# need help with fresh water plants.



## aquilla101 (May 27, 2013)

Hi all I'm new to keeping aquatic plants and I read here on the forums about co2 injection and lighting,I have a 250l fish tank,with a yeast co2 system,with about 65 watts of light using 1 t8 bulb and 2 cfl bulbs,not to sure on the names of my plants,but I have about 5 different species of plant,and had some of them for over 2 months now and haven't seen any new growth,some seem to be dying,any help with identifying the plants and telling me what I'm doing wrong would be appreciated,thanks sorry for the long write up.


----------



## susankat (Nov 15, 2008)

Diy co2 will not work on a tank that size unless you have several bottles going. At least 6 2ltrs.

Would need a pic of the plants to help identify them. You don't have enough lighting for a lot of plants. You should also be adding some ferts, depending on the plants.


----------



## aquilla101 (May 27, 2013)

Hi thanks for the reply,ok so I need to get more co2 in there,atm I'm using marltons liquid fertz,unfortunately It seems I can't upload photos(using my phone)don't have internet,is there some way I can upload photos maybe to a website or something?thanks sorry still new to this forum still finding my way around.also how much light do you think would be good enough for my size tank.


----------



## jamnigh (Apr 24, 2013)

if you upload to photobucket you can always copy them over to here


----------



## WheeledGoat (Jan 29, 2013)

for lighting, it's going to totally depend on what plants you have. your current lighting would be ok for low light plants like val, swords, etc... it'll help a lot if you can post some pics.

co2 - I agree w/ susan - you're going to have a hard time getting up to 20-30ppm co2 on a tank of that size with DIY... but don't give up, every little bit will help. You may want to consider supplementing with "liquid co2" (it's not really liquid co2 - it's gluteraldehyde, another form of carbon that the plants can use) but that can start to get expensive and so may only be a temporary solution. Flourish Excel is a popular and expensive product. I use it occasionally. I've read many good things about API CO2 Booster - it's supposed to be the same thing but a good bit less expensive.
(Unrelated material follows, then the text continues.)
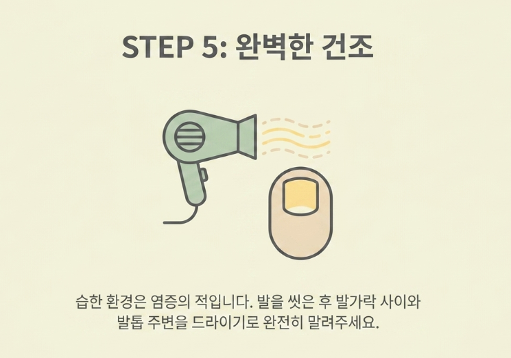 또한 발의 위생 관리도 철저히 해야 합니다. 발을 씻은 후에는 발가락 사이사이와 발톱 주변을 드라이기를 이용해 완전히 건조해 주세요. 습한 환경은 세균 번식을 도와 염증을 악화시킵니다. 만약 자가치료 중 주변이 빨갛게 부어오르고 고름이 나오거나, 열감이 느껴진다면 이는 세균 감염의 신호입니다. 이때는 지체하지 말고 피부과나 정형외과를 방문해 전문적인 치료를 받아야 골든타임을 놓치지 않습니다.
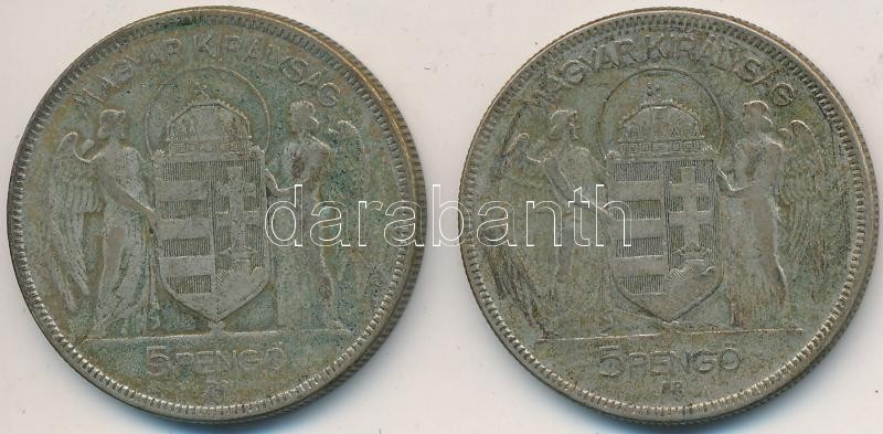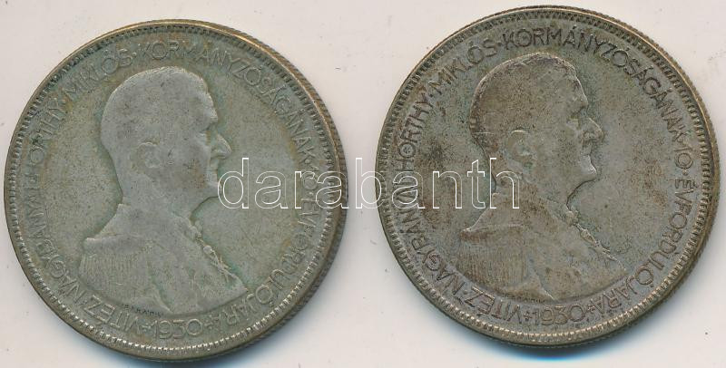 Beschreibung: 1930. 5P Ag "Horthy-jobbra" (2x) T:3

I haven't bought any cause I haven't finished my first bottle of Excel yet.

There's a whole world of fertilizers you can get into, including buying dry fertilizers and mixing your own stuff. For now, to ease into it, you might try Aqueon Plant Food.


----------



## jamnigh (Apr 24, 2013)

I personally use the API CO2 booster, decently priced, 1ml per 10 gallons once a day, so for me in a 20g tank, its not much. I have had it for 2 weeks and barely put a dent in it. A 16oz bottle has enough to treat 5,000 gallons...and its about $8.


----------



## majerah1 (Oct 29, 2010)

In my honest opinion you should bite the bullet and go pressurised. It will be cheaper for you in the long run. On a tank your size dosing any liquid carbon will end up being a huge cost in order to make the plants happy enough to thrive.


----------



## jamnigh (Apr 24, 2013)

Agreed with Bev here. It will be more cost effective going pressurized. I want to, just haven't gotten to that point yet. If you do a true pressurized setup, original cost is a little high, but upkeep is almost nothing.


----------



## aquilla101 (May 27, 2013)

Thanks for the info ill be looking for a pressurized co2 tank,I'm thinking of also getting some co2 liquid for the mean time,thanks very much for the info,I managed to find all the names of my plants,still can't upload pictures,even through photo bukkit,anyway,also would like to ask if the moss that grows on rocks in the wild,and on wet rocks,is poisonous to fish,cause I put some in my fish tank,thought maybe it would grow in there,and soon after my red dwarf gourami just dropped dead.


----------